I would like to see the day when my people have dignity and pride in themselves as black people. And when this comes about, when they realize that we are capable of all things and can do anything under the sun that a man can do, then all these things will come about—equality, great people, presidents—everything.
Migrants demanded their rights, became aware of their ancestry and identified with Africa; at the same time they regarded blacks as a part of America.

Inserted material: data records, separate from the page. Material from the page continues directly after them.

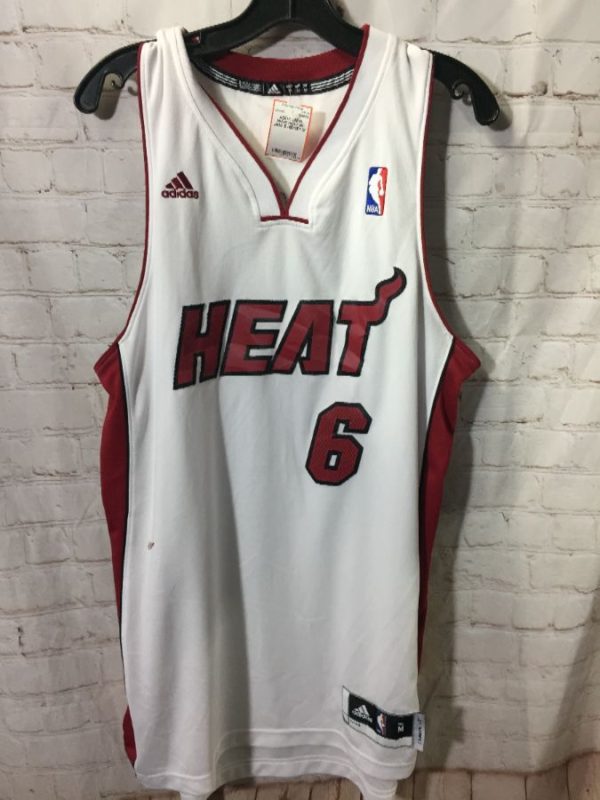 ADIDAS BASKETBALL JERSEY, TANK TOP STYLE, MIAMI HEAT, #6 JAMES, VERTICAL SIDE STRIPES, SCREEN PRINTED FRONT & BACK, WHITE/MAROON/BLACK, SIZE M
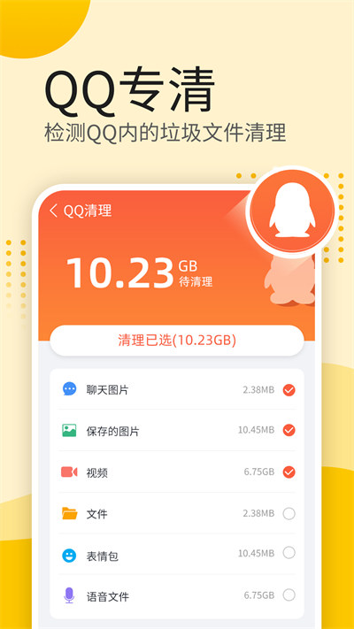 -軟件專(zhuān)清,對(duì)微信、QQ等軟件有專(zhuān)門(mén)的清理板塊,這些軟件里有各種圖片、視頻、語(yǔ)音垃圾,可以一鍵清理。
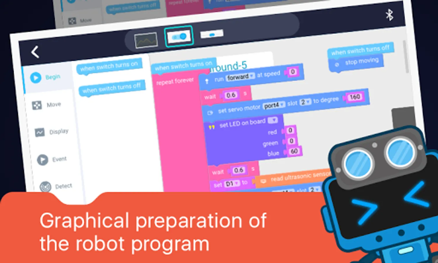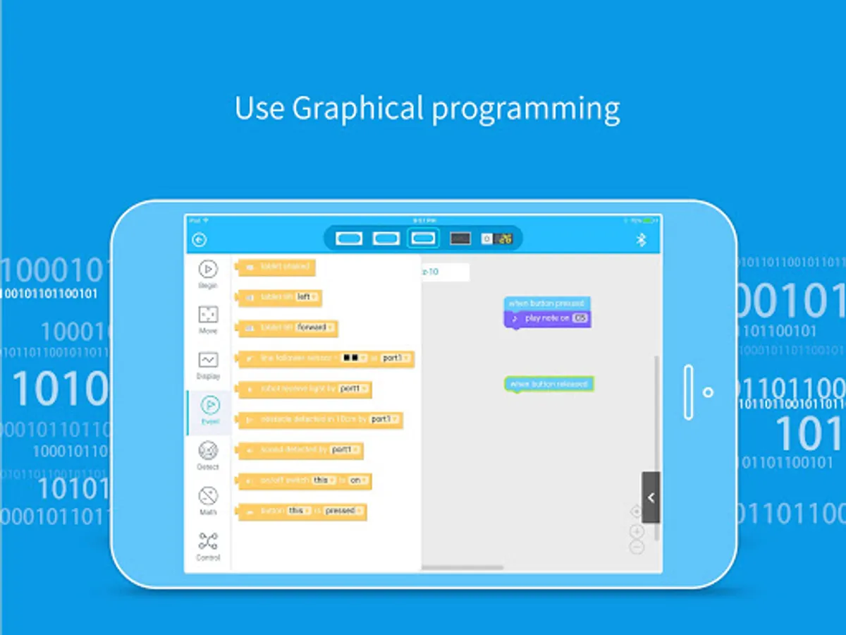 -Create Customized Robot Controller with Graphical Programming: Realize your imagination and control your robot by simply dragging, dropping and programming the command blocks.
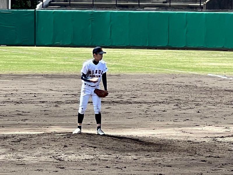 二水の3年生投手は初回から3つの四死球を与え制球に苦しむ立ち上がりとなりピンチを迎えるが、ベンチからの仲間の声と野手のプレーに救われ無失点に抑えました。2回以降はいつも通りの制球を徐々に取り戻し、球威のあるストレートとテンポの良いピッチングで相手打者を次々と抑えていきます。相手のヒットや四死球で数々のピンチを迎えるもダブルプレーや外野手のポジショニングが功を奏し、3安打4三振で7回完封と相手に得点を許しませんでした。
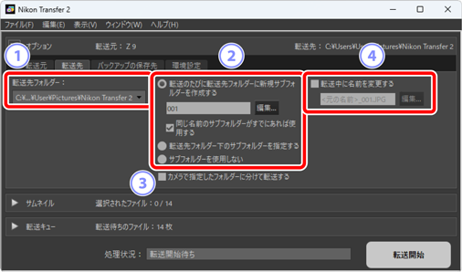 画像の転送先フォルダーを設定できます。サブフォルダーの設定や、転送時にファイル名を変更する設定も行えます。
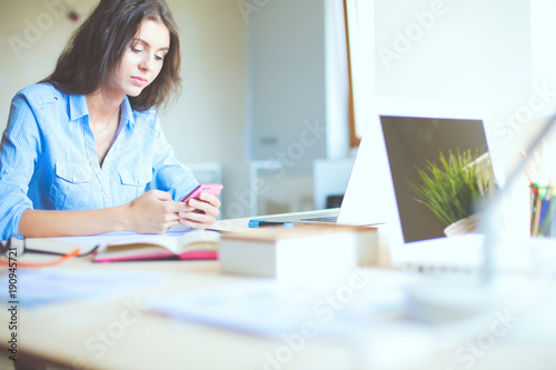Beautiful young business woman sitting at office desk and talking on cell phone. Business woman
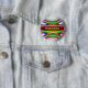 Den här kommandoknappen har en flerfärgad mönster av ljust psykodeliskt färg som omger en central äggformad struktur. Det liknar en fantasi om ett främmande rymdskepp-redo för att borra en dagling. Det finns en röd remsa med grönt på den. Texten är anpassade så att du kan ersätta den med ditt namn eller annan text. Knappen är underbar för delegater vid en konferens, medlemmar i en bröllopsfest eller företag och deras anställda.

Today, 97% of the blacks in America reside in urban areas. However, a new trend has developed in some northern cities; some blacks are returning to the South. Although this is not true of all northeastern states, in Connecticut blacks are moving out faster than they are entering. A total of 10,300 more blacks moved out of Connecticut than into the state between the 1970 census and mid-1975, according to new figures on the racial composition of the population recently released by the Census Bureau. Connecticut’s net out-migration—5.7% of the state’s total black population—was the highest proportion of blacks moving out of any of the fifty states. Connecticut did not have a total loss of black population in 1970-75, however, because there were 17,000 more births than deaths among black residents who remained. The black population of Connecticut grew by 6,700—the difference between 17,000 excess births over deaths and the net outward migration figure of 10,300. In Connecticut’s case, blacks left because of the high cost of living and unemployment. Also, some Connecticut industries have relocated in southern areas. One example is the Seam Co., originally a New Haven factory, which moved to Atlanta, Georgia, because of lower production costs in the South.